Pharmaceutical CommercePharmaceutical Commerce - September/October 2016


Traditionally, the industry standard for using medical claims to target physicians is to look at the data on a quarterly or annual basis. In many instances this will suffice. Today, however, the climate is fierce for life sciences companies, with highly aggressive competition in volatile environments. Thus, their success often is found in being in the right place at the right time to influence a treatment decision. In these instances, medical claims data can make a difference.

This data, while rich in information, can be outdated and inadequate in driving timely business decision-making, particularly when compared to prescription claims data. This latency made it challenging to use medical claims to support timely business decision-making. However, as healthcare technology evolves, medical claims data is becoming more rapidly available. This shift has opened a door to new and innovative ways of using daily and weekly claims feeds to derive key insights and enable more agile sales and marketing teams.

Recently, LexisNexis Health Care conducted a pilot study with a pharma client to test the value of a recently introduced service, MarketView Early Alerts. This service makes use of medical claims data that are received in near real-time (days or weeks); the question to address is, can access to this data make a difference in prescribing activity? Significantly, the pilot study demonstrated a two- to threefold rise in prescribing, compared to a control group of physicians who were not included in the MarketView Early Alerts database.

Do you have a need for speed?Before examining the details of a near real-time medical-claims database, it is worth asking, is the targeted therapy right for this type of analysis? There are several key factors to consider when determining if you need real-time or near real-time data to improve how your sales force prioritizes its HCP targets.

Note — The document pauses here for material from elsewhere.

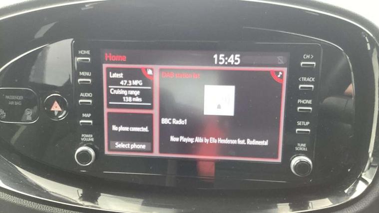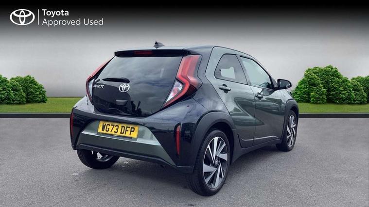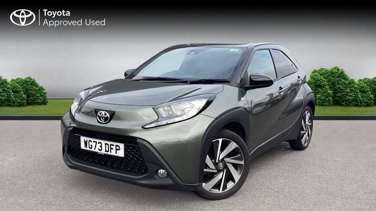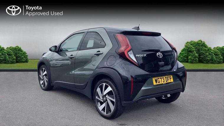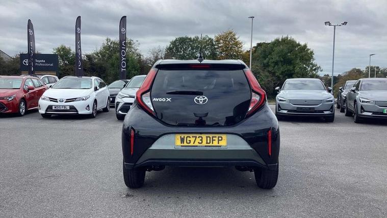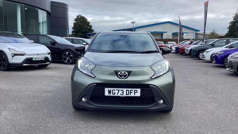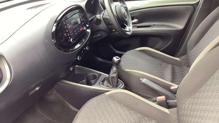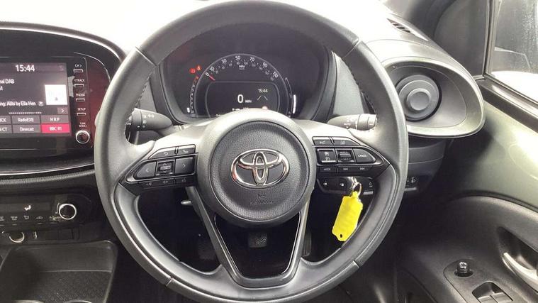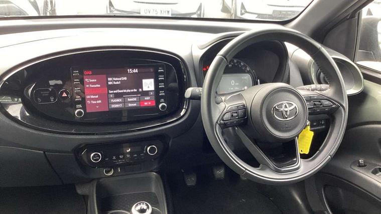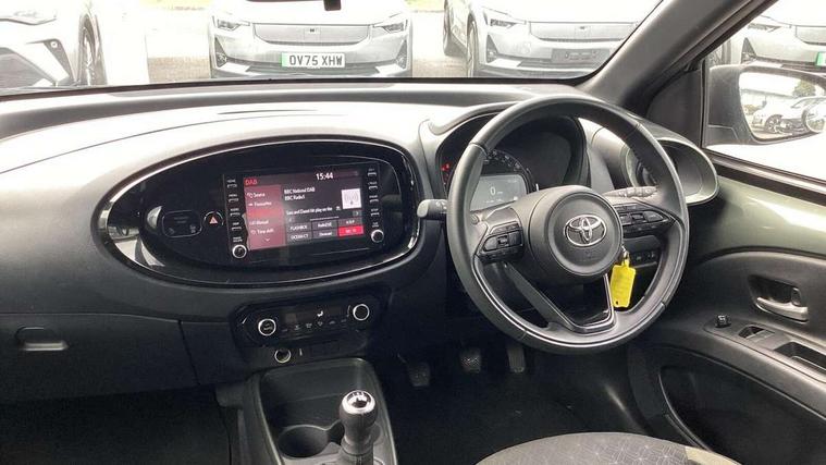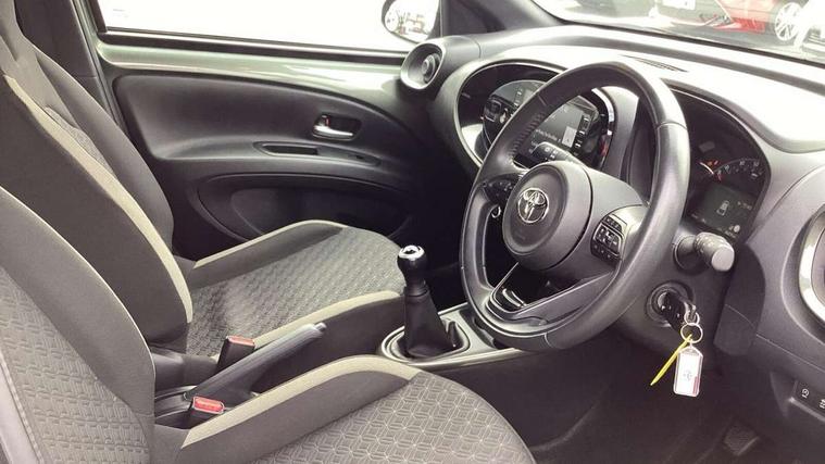 4.2" TFT colour screen, Adjustable speed limiter, Analogue speedometer, Bluetooth connectivity, Digital tachograph, Driver attention alert system, eCall emergency call system, Electric power steering, Intersection turn assist, Key reminder warning, Noise reduction kit, Pre collision system with emergency steering assist, Reversing camera with static guide lines, Smart phone integration with Apple car play/Android Auto, Speed limit display, Start and stop, Vehicle Stability Control (VSC), 4 speakers, 9" HD multimedia display touch screen with Toyota smart connect, DAB digital audio broadcast, USB connector, Auto headlights, Auto wipers, Automatic headlights cut-off, Bicycle towing hook, Black contrast roof, Black side protection mouldings, Black wheel arch mouldings, Body colour door handles, Body coloured front bumper, Boot door scuff plate, Eclipse black rear bumper, Electric heated door mirrors, Follow me home headlights, Front fog lights, Front power windows, Gloss black door mirrors, Gloss black upper front grille, Headlight cut-off reminder, LED daytime running lights, LED front light guide, LED High mounted stop lamp, Manual day/night rear view mirror, Manual headlight levelling, Pagoda roof, Power adjustable door mirrors, Power back door, Privacy glass, Projector halogen headlights, Rain sensor, Rear combination lights LED bulb type, Rear side wing doors, Rear windscreen defogger, Rear windscreen wiper, Short antenna, Variable intermittent windscreen wipers, 12v power outlet - front, 2 seat bench in 2nd row, 3 spoke leather steering wheel, 50/50 split folding rear seat, Adhesive roof headlining, Adjustable speed limiter switch on steering wheel, Audio and telephone switches on steering wheel, Auto air conditioning, Black insert on steering wheel, Black roof lining, Boot light, Centre room light, Chrome interior door handles, Chrome surround on air conditioning buttons, Clean air filter, Console box storage in body color, Fabric upholstery, Floor mats, Front and rear cup holders, Front head rest deco art, Front head restraints, Height adjustable driver seat, Intelligent adaptive cruise control switch on steering wheel, ISOFIX child restraint system on rear seats, Lane departure alert switch on steering wheel, Leather gearshift knob, Manual tilt steering wheel, Manually reclining and sliding driver seat, Manually reclining and sliding front passenger seat, Multimedia switches on steering wheel, Pollen filter, Rear door pockets, Rear head restraints, Satin silver insert on gear shift knob, Single compartment glovebox with lights, Single front passenger seat, Soft tonneau cover, Sun visors with mirror on driver and passenger side, Voice recognition switch on steering wheel, Toyota safety sense pack - Aygo X, Anti lock braking system + Electronic brake force distribution, Child safety door lock, Emergency brake light signal (EBS), Hill start assist control (HAC), Passenger airbag on/off switch, Seat belt reminder for front and rear seats, Supplement restraints system (SRS) - 6 airbags, Traction control, Tyre pressure warning system, Immobiliser, Remote power door locks, Black wheel centre caps, Tyre repair kit,

  • Reduce latency. If your organization is relying on data delivered quarterly, it may be (at best) three months old by the time your sales force receives it. Ask yourself if that latency is impacting your competitive advantage.
  • Flexible sales force. Your sales force must be flexible enough to act on the information. The benefit of receiving near real-time intelligence is that your sales force has the ability to act immediately. Can your sales force quickly adapt and reprioritize to follow these new leads?
  • Time. To adequately use the approach outlined in the pilot project, there must be a delay between the patient’s initial diagnosis and treatment, so that the sales force has the opportunity to use the information to target the physician and influence his/her treatment recommendations. For example, we see many organizations with a need for it in the oncology space, where there is often a period of time between diagnosis and treatment.
  • Value. Ultimately, it is important to assess where there is a value to your organization in using this approach. In the case of the pilot program, the neurological disorder was rare, and the treatment was expensive. There was a big return to be gained by the company for each new patient using the therapy.

The client pharma company was focused on treating a rare neurological disorder with an injectable product. This particular marketplace is made up of a clearly defined set of products–everyone in the market knows what those products are and the players who sell them. The treatment for this disorder is relatively costly, so there is a significant return on investment to be gained by the company each time a new patient begins using its product. The customer’s key challenge was identifying new physicians who are diagnosing these patients prior to treatment initiation, especially among physicians treating a lower volume of patients in total.

The goals for the 12-week pilot program were to:

  • Identify health care providers (HCPs) with newly diagnosed patients
  • Identify new HCPs with new patients
  • Reach HCPs with new patients through the sales force prior to the physicians recommending a therapy decision.

The pilot program identified physicians diagnosing patients with the rare neurological disorder and sent weekly files of new patient alerts to the customer for dissemination to its sales force.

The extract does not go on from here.